→ THE PROBLEM: The response must consist of the lines below from the one with "The AeroPress Manual" through the one with "Cette clôture en", exactly as they appear and with both ends kept.
*** DATA FOR THIS EXERCISE Section Begins ***
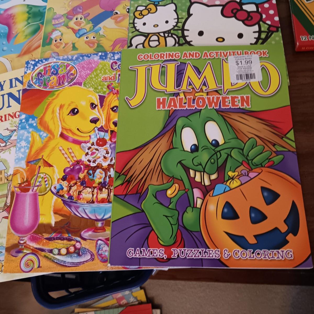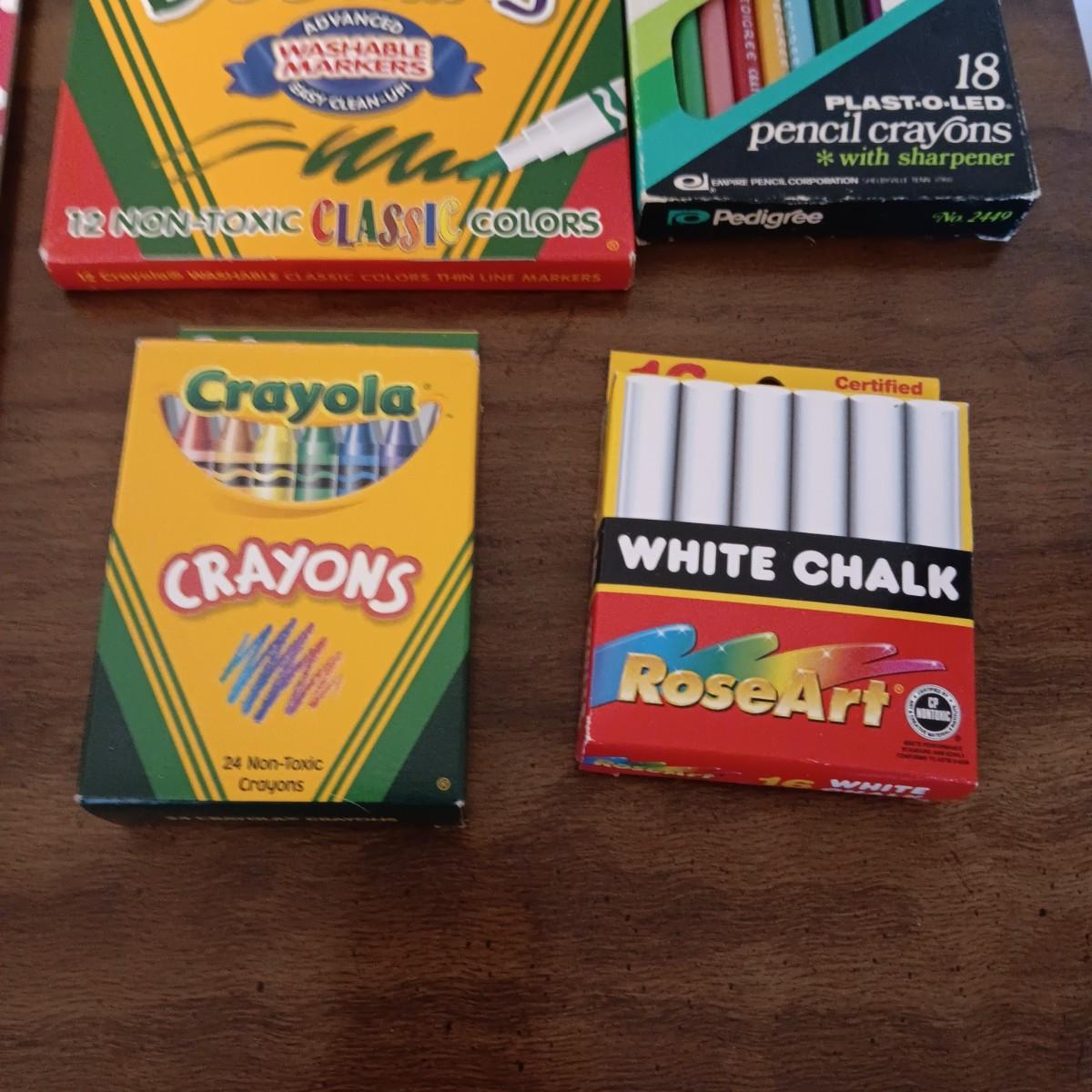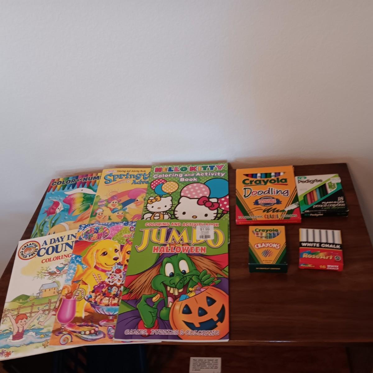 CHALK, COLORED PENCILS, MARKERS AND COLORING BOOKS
*** DATA FOR THIS EXERCISE Section Ends ***
*** DATA FOR THIS EXERCISE Section Begins ***
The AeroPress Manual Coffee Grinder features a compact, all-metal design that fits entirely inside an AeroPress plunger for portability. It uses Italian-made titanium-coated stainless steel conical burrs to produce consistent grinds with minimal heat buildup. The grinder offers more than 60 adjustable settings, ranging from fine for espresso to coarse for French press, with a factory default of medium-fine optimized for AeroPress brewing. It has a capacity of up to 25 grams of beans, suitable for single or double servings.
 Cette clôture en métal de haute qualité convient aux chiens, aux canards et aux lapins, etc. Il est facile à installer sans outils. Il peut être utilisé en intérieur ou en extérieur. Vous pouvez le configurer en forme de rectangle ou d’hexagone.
*** DATA FOR THIS EXERCISE Section Ends ***
→ SOLVED PROBLEM:
The AeroPress Manual Coffee Grinder features a compact, all-metal design that fits entirely inside an AeroPress plunger for portability. It uses Italian-made titanium-coated stainless steel conical burrs to produce consistent grinds with minimal heat buildup. The grinder offers more than 60 adjustable settings, ranging from fine for espresso to coarse for French press, with a factory default of medium-fine optimized for AeroPress brewing. It has a capacity of up to 25 grams of beans, suitable for single or double servings.
 Cette clôture en métal de haute qualité convient aux chiens, aux canards et aux lapins, etc. Il est facile à installer sans outils. Il peut être utilisé en intérieur ou en extérieur. Vous pouvez le configurer en forme de rectangle ou d’hexagone.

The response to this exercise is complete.